TAIView(jd1, jd2, time)

Bases: TimeView

TAI view of a :class:Time object.

TAI is a continuous atomic timescale. In DiffOrb it mainly serves as the intermediate timescale between UTC and TT.

TDBView(jd1, jd2, time)

Bases: TimeView

TDB view of a :class:Time object.

TDB is the barycentric relativistic timescale used for solar-system dynamics and ephemeris access.

TTView(jd1, jd2, time)

Bases: TimeView

TT view of a :class:Time object.

TT is the proper time of an Earth-based observer and is directly related to the atomic timescale TAI. In DiffOrb it is the bridge between Earth-rotation timescales such as UTC and UT1, and the dynamical timescale TDB.
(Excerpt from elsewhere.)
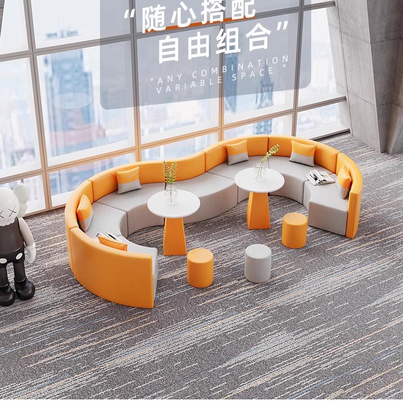 Ruang istirahat kantor, sofa santai sederhana berbentuk busur, meja teh bulat kombinasi

Time(tt_jd1, tt_jd2, *, eop, gregorian_start=GREGORIAN_START_JD)

Bases: BatchableObject

Class for time representations.

This class stores each epoch internally as a normalized TT epoch. To preserve precision in time arithmetic and time-scale conversion, the internal TT epoch is stored as a split Julian date, with the large Julian-day part and the small fractional part kept separately.

Parameters:

Name Type Description Default
_tt_jd1 Float[ArrayLike, ...]

Large component of the Julian date in TT.

required
_tt_jd2 Float[ArrayLike, ...]

Small remainder component of the Julian date in TT.

required
gregorian_start Float[ArrayLike, '']

Julian date at which computed calendar fields switch from the Julian calendar to the Gregorian calendar.

GREGORIAN_START_JD

Initialize a time container from a TT split Julian date.

shape property

Return the broadcast batch shape carried by the time object.

tt property

View the stored epoch in TT.

TT is the proper time of an Earth-based observer and is directly related to the atomic timescale TAI. In DiffOrb it is the bridge between Earth-rotation timescales such as UTC and UT1, and the dynamical timescale TDB.

tai property

View the stored epoch in TAI.

TAI is a continuous atomic timescale. In DiffOrb it mainly serves as the intermediate timescale between UTC and TT.

ut1 property

View the stored epoch in UT1.

UT1 is the Earth-rotation timescale that follows the actual rotation angle of the Earth.

utc property

View the stored epoch in UTC.

DiffOrb only defines UTC for epochs on and after 1962-01-01. Earlier epochs should use UT1 instead. Mixed batches that cross the 1962 boundary should use :class:UTView which could be accessed by .ut property method.

ut property

View the stored epoch in mixed UT.

It represents UT1 before 1962-01-01 and UTC on and after 1962-01-01.

xpole property

Polar-motion coordinate xp from the Earth Orientation Parameter (EOP) file, in radians.

Notes

For epochs before the covered EOP range, xpole is zero. For future epochs beyond the EOP-file coverage, xpole stays at the final predicted value.

ypole property

Polar-motion coordinate yp from the Earth Orientation Parameter (EOP) file, in radians.

Notes

For epochs before the covered EOP range, ypole is zero. For future epochs beyond the EOP-file coverage, ypole stays at the final predicted value.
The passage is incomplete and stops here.